Group 2

From CoIN

Revision as of 22:03, 21 January 2009 by Mehrbod (Talk | contribs)
(diff) ←Older revision | Current revision (diff) | Newer revision→ (diff)
Jump to: navigation, search

Contents

Maddie

Output

Project Report and Presentation

All Project Files

FaceDetection API and User Guide

PitchDetection API and User Guide - Note: Some incompatibility with XP is found due to SAPI version

Members

  • Anca Dragan
  • Geo Leontiev

Project Details

MADDIE is a virtual pet designed to directly interact with humans though its visual and audio capabilities. It is aware of human presence and can carry out conversations with its users. More than that, MADDIE appears to have a personality and unlike other virtual (or physical) robots, will act against the user’s expectations. For example, it can insult the user or act differently according to gender, or react in a different way to the same situation, leaving an unpredictability factor that contributes to the character’s appeal. More precisely, MADDIE will unexpectedly things like “You’re fat”, or ignore the user even if it replied to the very same question on a different occasion. All these make MADDIE an interesting and unusual companion, mainly directed towards entertainment. However, more pragmatic applications do exist, as discussed below

Features

  • Face Recognition: MADDIE can recognize the presence of a human by identifying its face. It also tracks the user with its eyes so that if the user moves, MADDIE indicates its awareness. This feature makes the human-robot interaction aspect more interesting, allowing the user to trust more in its capabilities and regard the robot with more seriousness.
  • Speech Recognition: The robot is able to recognize what the user is saying. It makes use of a grammar to connect the audio input with its semantics, so that an appropriate response can be planned.
  • Speech Synthesis: MADDIE gives answers to the audio input using a female voice.
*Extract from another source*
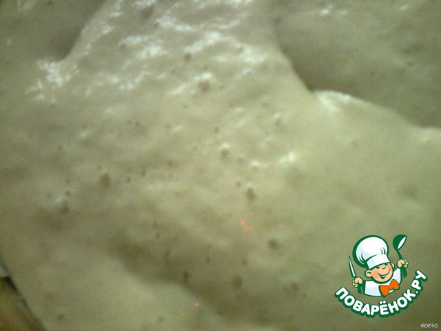 Дрожжи разводим в 1/2 ст воды, если дрожжи старые оживим их с помощью ложки муки и ложки сахара, дадим забродить, процедите. Добавляем муку(просеять)и замесить тесто, оно должно быть нечто среднее между блинным и оладьевым, т.е. быть достаточно густым и держать "форму", при этом легко литься. Оставляем на час-полтора для брожения.

This allows for an exchange of replies that indicates to the user an ability to reason.
  • Pitch Detection: The robot uses this feature to detect the difference between males and females, so that it can act differently and even change its appearance.

Technologies used

  • FaceOnIt – a software library that finds faces in pictures and videos
  • Microsoft Speech API 5.3 – providing speech recognition and synthesis abilities
  • Windows Presentation Foundation (WPF, formerly known as Avalon) - a graphical subsystem in .NET Framework 3.0
  • YAALP library – pitch detection
  • VideoLAN VLC Media Player – converting audio format

Future Directions

A first approach, which was part of the original design for the project, would be to install MADDIE on a small touch-screen and place it on top of a robot (such as IRobot CREATE, see http://store.irobot.com/shop/index.jsp?categoryId=3311368 for more details). This would allow for mobility in space, so that the robot can follow the user with not just its eyes, run away from the user when “upset” or even move to the entrance to greet the user when he/she arrives home. Another improvement would be to make the conversations spontaneous rather than based on predefined grammars. This could be achieved through Eliza (refer to http://bar.speech.cs.cmu.edu/11754S08/Alice/). Even though this technology is not yet advanced enough to produce conversations that emulate human reasoning, a hybrid between our current approach and the latter would be considerably better.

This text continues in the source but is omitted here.